▶ [Activity] Before copying, remove every picture, and then repeat all entries below precisely as written.

▶ [Data section]

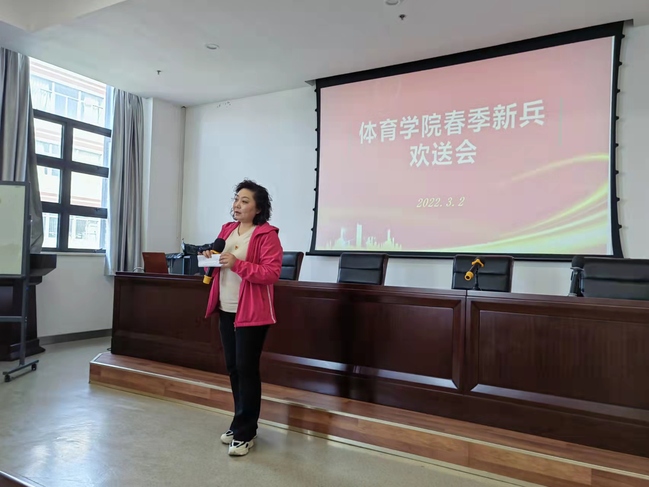 一段祝福视频拉开了序幕。紧接着,张书记代表体育学院向预定入伍新兵表示祝贺,对他们从军报国的志向和激情予以肯定,她指出,我院2名学生响应祖国召唤参军入伍,暂别校园投身军营,把爱国之心化为报国之行,是体育学子磨砺青春、激扬青春的重要体现,也是不负时代重托、青春向党的有力证明,为广大同学树立了榜样。她寄语入伍新兵努力适应部队生活,遵守部队纪律,以钢铁战士般的行动,以自强不息、勇于攀登的精神,在实现强军梦的伟大实践中,书写绚烂、无悔的青春篇章,做一名听党指挥、能打胜仗、作风优良的新时期“四有”军人。
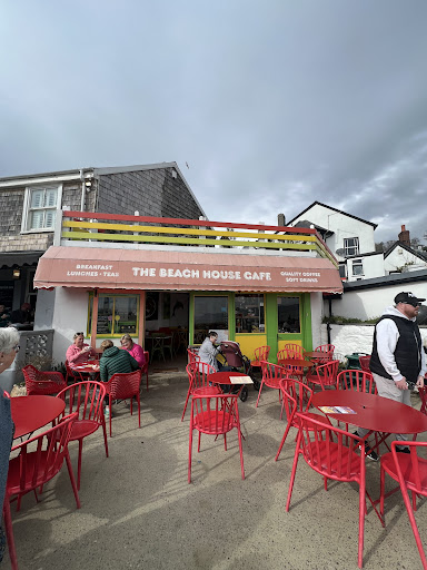 Beautifully bright and colourful little café on the seafront, let down by somewhat grumpy staff. We’ve been coming to Lyme for years but never tried here before as they always seem to close really early. Went in at 2:30 on a hot sunny day and didn’t realise until checking online later that they close at 3pm. Although when we walked past on the way back to our car around 5 ish one of the men was still there so maybe they do stay open later when it’s a nice day. Either way we felt really unwelcome like they were irritated by our presence, bear in mind we were literally the only 2 customers they had. We were told they could only do a couple of sandwiches or small things like tea cakes. Which was fine we only wanted a quick bite. Crab baguette expensive of course but not surprising and you do get quite a lot for that, although it is simply mixed crab meat in a baguette, but you do get a small side salad you can add. Tea cakes were large also. Hot chocolate pretty standard. You can help yourself to water inside. All in all pretty standard café food and drink and unbothered cold staff but beautifully decorated and in great position on the beach with lots of seating outside. I wouldn’t rule out returning as I am interested to try their shakshukas or...
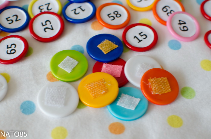 На пуговицы я приклеила кружки с цифрами - от 1 до 80 обычным клеем-карандаш.
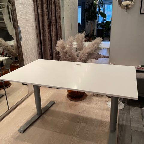 IKEA Skarsta skrivbord med höj- och sänkbar funktion. Max höjd 120 cm. Min höjd 70 cm. Sparsamt använt i ett år, fortfarande i ett mycket bra skick. Säljes pga flytt. Manualen följer med.
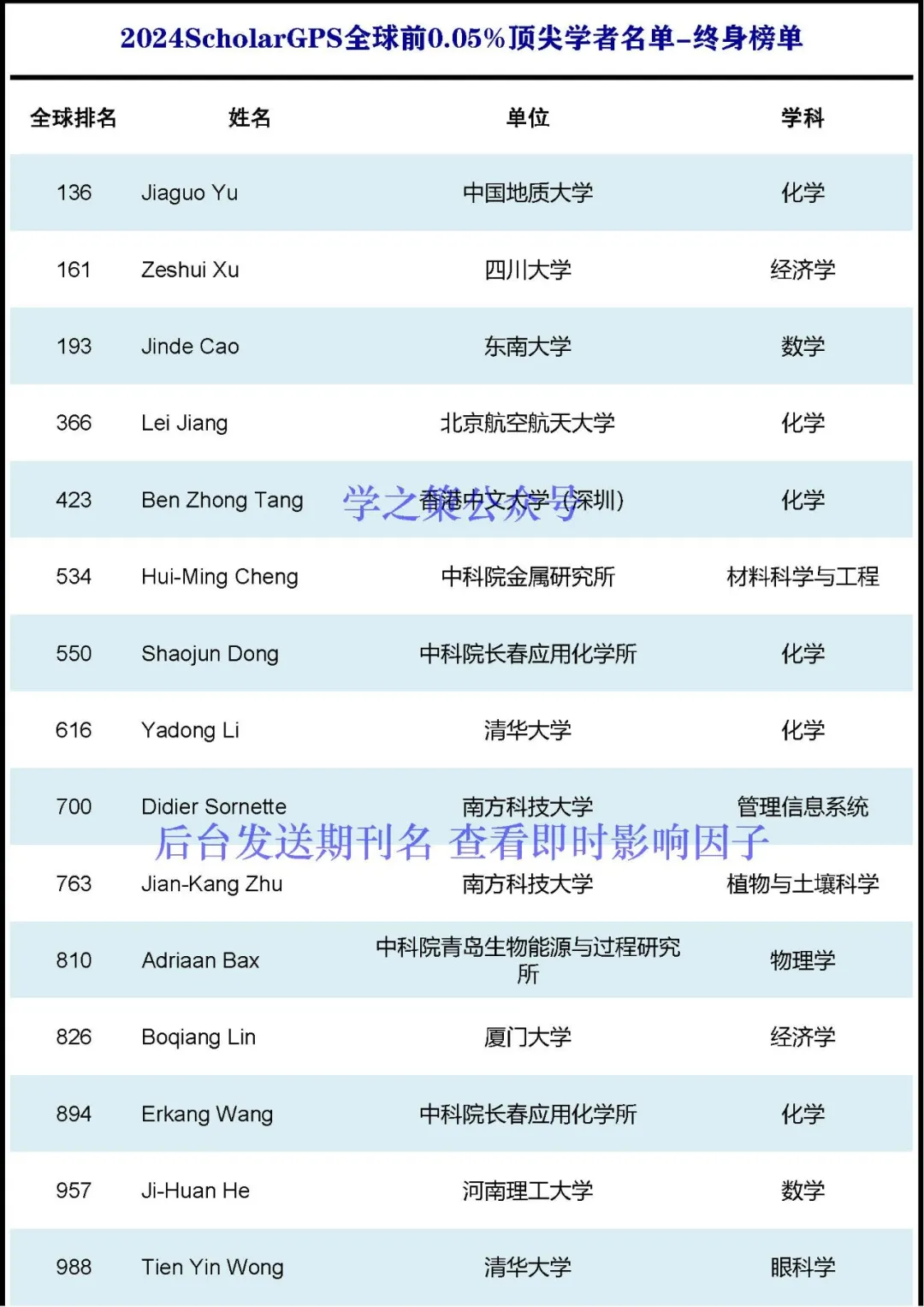 在全球学术研究快速发展的背景下,学者影响力的评估成为学术界和公众关注的焦点。日前,国际学术机构ScholarGPS发布了2024年全球前0.05%顶尖科学家榜单。
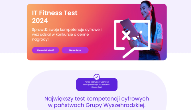 IT Fitness Test to największy bezpłatny test kompetencji cyfrowych online dla krajów Grupy Wyszehradzkiej i Ukrainy. Został on oficjalnie zainaugurowany podczas konferencji online, podczas której Prezydent Rzeszowa, Konrad Fijołek, podpisał porozumienie o współpracy ze Związkiem Cyfrowa Polska w ramach IT Fitness Test 2024.
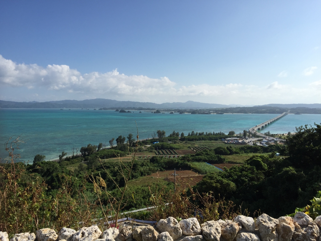 青い海が広がって、大橋が眼下に伸びます。

▶ [Response]
 一段祝福视频拉开了序幕。紧接着,张书记代表体育学院向预定入伍新兵表示祝贺,对他们从军报国的志向和激情予以肯定,她指出,我院2名学生响应祖国召唤参军入伍,暂别校园投身军营,把爱国之心化为报国之行,是体育学子磨砺青春、激扬青春的重要体现,也是不负时代重托、青春向党的有力证明,为广大同学树立了榜样。她寄语入伍新兵努力适应部队生活,遵守部队纪律,以钢铁战士般的行动,以自强不息、勇于攀登的精神,在实现强军梦的伟大实践中,书写绚烂、无悔的青春篇章,做一名听党指挥、能打胜仗、作风优良的新时期“四有”军人。
 Beautifully bright and colourful little café on the seafront, let down by somewhat grumpy staff. We’ve been coming to Lyme for years but never tried here before as they always seem to close really early. Went in at 2:30 on a hot sunny day and didn’t realise until checking online later that they close at 3pm. Although when we walked past on the way back to our car around 5 ish one of the men was still there so maybe they do stay open later when it’s a nice day. Either way we felt really unwelcome like they were irritated by our presence, bear in mind we were literally the only 2 customers they had. We were told they could only do a couple of sandwiches or small things like tea cakes. Which was fine we only wanted a quick bite. Crab baguette expensive of course but not surprising and you do get quite a lot for that, although it is simply mixed crab meat in a baguette, but you do get a small side salad you can add. Tea cakes were large also. Hot chocolate pretty standard. You can help yourself to water inside. All in all pretty standard café food and drink and unbothered cold staff but beautifully decorated and in great position on the beach with lots of seating outside. I wouldn’t rule out returning as I am interested to try their shakshukas or...
 На пуговицы я приклеила кружки с цифрами - от 1 до 80 обычным клеем-карандаш.
 IKEA Skarsta skrivbord med höj- och sänkbar funktion. Max höjd 120 cm. Min höjd 70 cm. Sparsamt använt i ett år, fortfarande i ett mycket bra skick. Säljes pga flytt. Manualen följer med.
 在全球学术研究快速发展的背景下,学者影响力的评估成为学术界和公众关注的焦点。日前,国际学术机构ScholarGPS发布了2024年全球前0.05%顶尖科学家榜单。
 IT Fitness Test to największy bezpłatny test kompetencji cyfrowych online dla krajów Grupy Wyszehradzkiej i Ukrainy. Został on oficjalnie zainaugurowany podczas konferencji online, podczas której Prezydent Rzeszowa, Konrad Fijołek, podpisał porozumienie o współpracy ze Związkiem Cyfrowa Polska w ramach IT Fitness Test 2024.
 青い海が広がって、大橋が眼下に伸びます。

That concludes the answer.